(Information supplied)
--------

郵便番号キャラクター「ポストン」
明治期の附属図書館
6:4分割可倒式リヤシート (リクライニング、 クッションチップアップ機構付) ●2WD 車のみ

--------

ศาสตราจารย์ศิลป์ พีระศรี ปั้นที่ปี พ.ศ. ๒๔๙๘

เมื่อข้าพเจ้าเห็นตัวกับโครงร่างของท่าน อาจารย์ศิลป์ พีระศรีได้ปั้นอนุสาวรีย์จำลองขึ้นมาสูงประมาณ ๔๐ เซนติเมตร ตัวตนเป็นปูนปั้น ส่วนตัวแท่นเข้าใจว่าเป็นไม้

--------

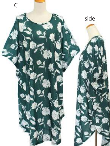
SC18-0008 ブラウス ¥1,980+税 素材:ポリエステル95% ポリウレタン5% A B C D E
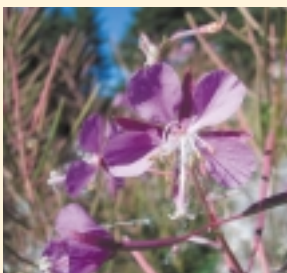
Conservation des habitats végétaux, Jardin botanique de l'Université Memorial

--------

(Exercise aim)
Tally the lines of the listing in which the word "ระศร" occurs, and state the total alone.

(Answer below)
2